The seminar conference -- "The Theology of Nature and the Nature of Theology" -- was held on March 30-31, 2022.
On the Nature of Theology: This Brauer seminar will explore historical, ethical, legal and theological conceptions of “nature” and extrapolating from these reflect on the “nature of theological reflection” and so connect the various meanings of the seminar’s title. The question of nature—human and non-human—is hotly debated today. This is true in the face of the global environmental crisis but no less so in important matters brought before the Supreme Court, which might lead to the overturning of Roe vs. Wade or the undoing of same-sex marriage and are often grounded in appeals to “nature” and the natural. The topic has occupied thinkers throughout Western history ranging from natural law ethics, moral naturalism, definitions of the existence and essence of God and, for Christians, the “nature”, i.e., hypostatic union of the Christ, questions about creation and the natural order, and, of course, the possibility and task of natural theology. Even current questions about transhumanism and posthumanism find historical forerunners in ideas about theosis or divinization of human nature as well as in debates about resurrection and the possibility of mystical self-transcendence. Each of these topics implies something about nature and also about the nature and task of theological thinking.

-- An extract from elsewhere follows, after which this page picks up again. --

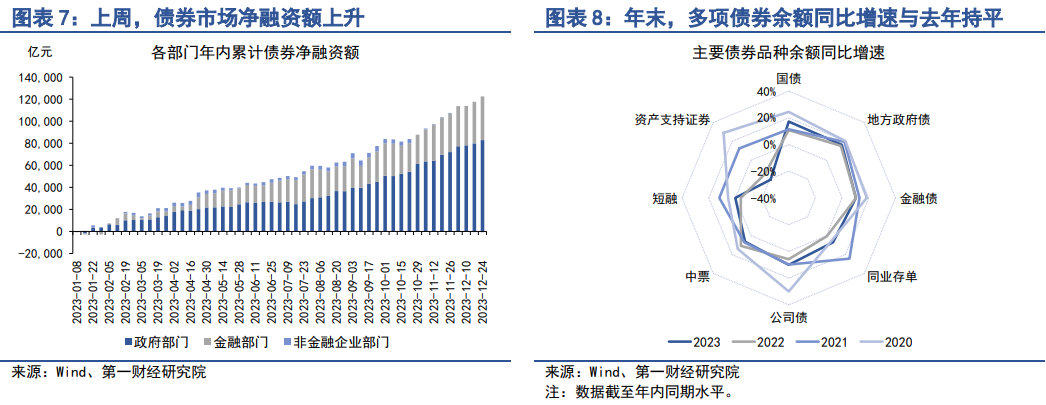从年内来看,新增债券融资主要由政府部门和金融部门主导,两者占今年新增债券净融资的比重分别为68.08%和32.5%。截至12月24日,政府部门债券余额同比增速为16.7%,较2022年同期增速上升3.4个百分点;金融部门债券余额同比增速为9.4%,较2022年同期增速上升2个百分点;非金融企业部门债券余额同比增速为1.8%,较2022年同期增速上升0.3个百分点。

The seminar will explore (some of) these matters with a focus on and shifting understanding of human and divine nature, sustained throughout by a deep interest in the question of “natural religion,” “natural law,” and “natural theology.” The purpose of the seminar is both to introduce students to the richness and complexity of the topic and to get some purchase on the history of Western thought in relation to contemporary questions. It is the hope of the seminar that it can be a fruitful laboratory for the generation of research projects, including dissertations.
Some specific themes and questions to be discussed:
- How, if at all, does one move from natural religion to natural theology?
- Does theology require the negation of natural religion?
- What are the scriptural warrants to support the idea of natural law in theology and ethics and are these necessary?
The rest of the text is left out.